I'll have to think about that. Might need another proposal.

More accurately, you can refer to static properties via this, but only from within static methods called in the normal way:

class Example {
    // (Assumes public class fields proposal goes forward)
    static a = 42;

    static announce() {
        console.log(`${Example.a}, ${this.a}`);
    }
}

Example.announce();        // "42, 42"
Example.announce.call({}); // "42, undefined"
const a = Example.announce;
a();                       // Error in strict mode
                           // "42, undefined" (probably) in loose mode

So for instance, you could have used this within your static MathLibrary.Calculate function. You can't from within a class constructor as in your current proposal text. (Side note: I'd recommend sticking to standard naming in these discussions -- e.g., calculate rather than Calculate -- to avoid confusion.)

In a method where this is an instance of the class, you can of course use this.constructor.x to refer to a static property x, if you want to avoid repeating the class name.

Best,

-- T.J.

# Isiah Meadows (3 months ago)

There is this proposal for static blocks, which IMHO would fit better with the intent: littledan/proposal-class-static-block

Class initialization isn't the same as object initialization. Classes are only initialized once, and parameters don't make sense, so it doesn't make sense to make it a method-like construct. Getters are still function-like, and they're readable via descriptors. So such a "static constructor" would in practice be closer to a special IIFE that's run in the context of the class.

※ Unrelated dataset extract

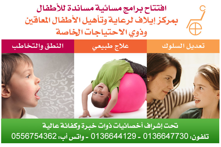 يسر مركز إيلاف لرعاية وتأهيل الأطفال المعاقين وذوي الاحتياجات الخاصة أن يعلن عن افتتاح برامج مسائية مساندة للأطفال وتتضمن: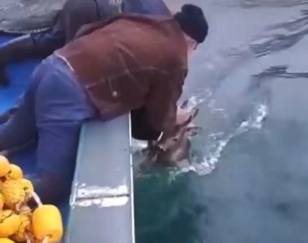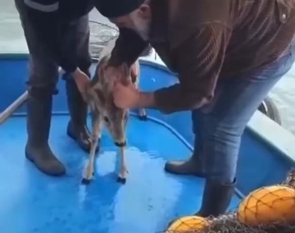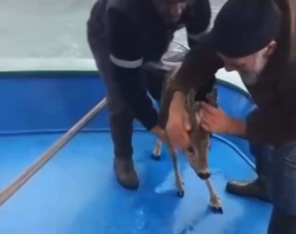 Hopa’da sabah saatlerinde denize açılan amatör balıkçılar, suda yüzen karacayı fark etti. Balıkçılar, yorulan ve bitkin düşen karacayı balıkçı kepçesi ile yakalayıp boynuzlarından tutarak tekneye aldı. Karacayı seven balıkçılar kaçmasını engellemek için ayaklarını bağlayıp kıyıya çıkardı. Kurtarılma anı ise balıkçılar tarafından telefonla kayda alındı.

In addition, does it make sense to re-run the static block with subclasses? Generally, it doesn't, because subclasses prototypically inherit their parent (you already get those for free), and it could break the intuitive behavior of using them with the private field proposal to expose private properties to specific classes and functions outside it. (Those functions would be created once per class

  • subclass, so it'd waste a lot of time for no otherwise good reason.)

So given it's best to only run it once ever, and parameters don't make sense, might as well just make it a declarative block.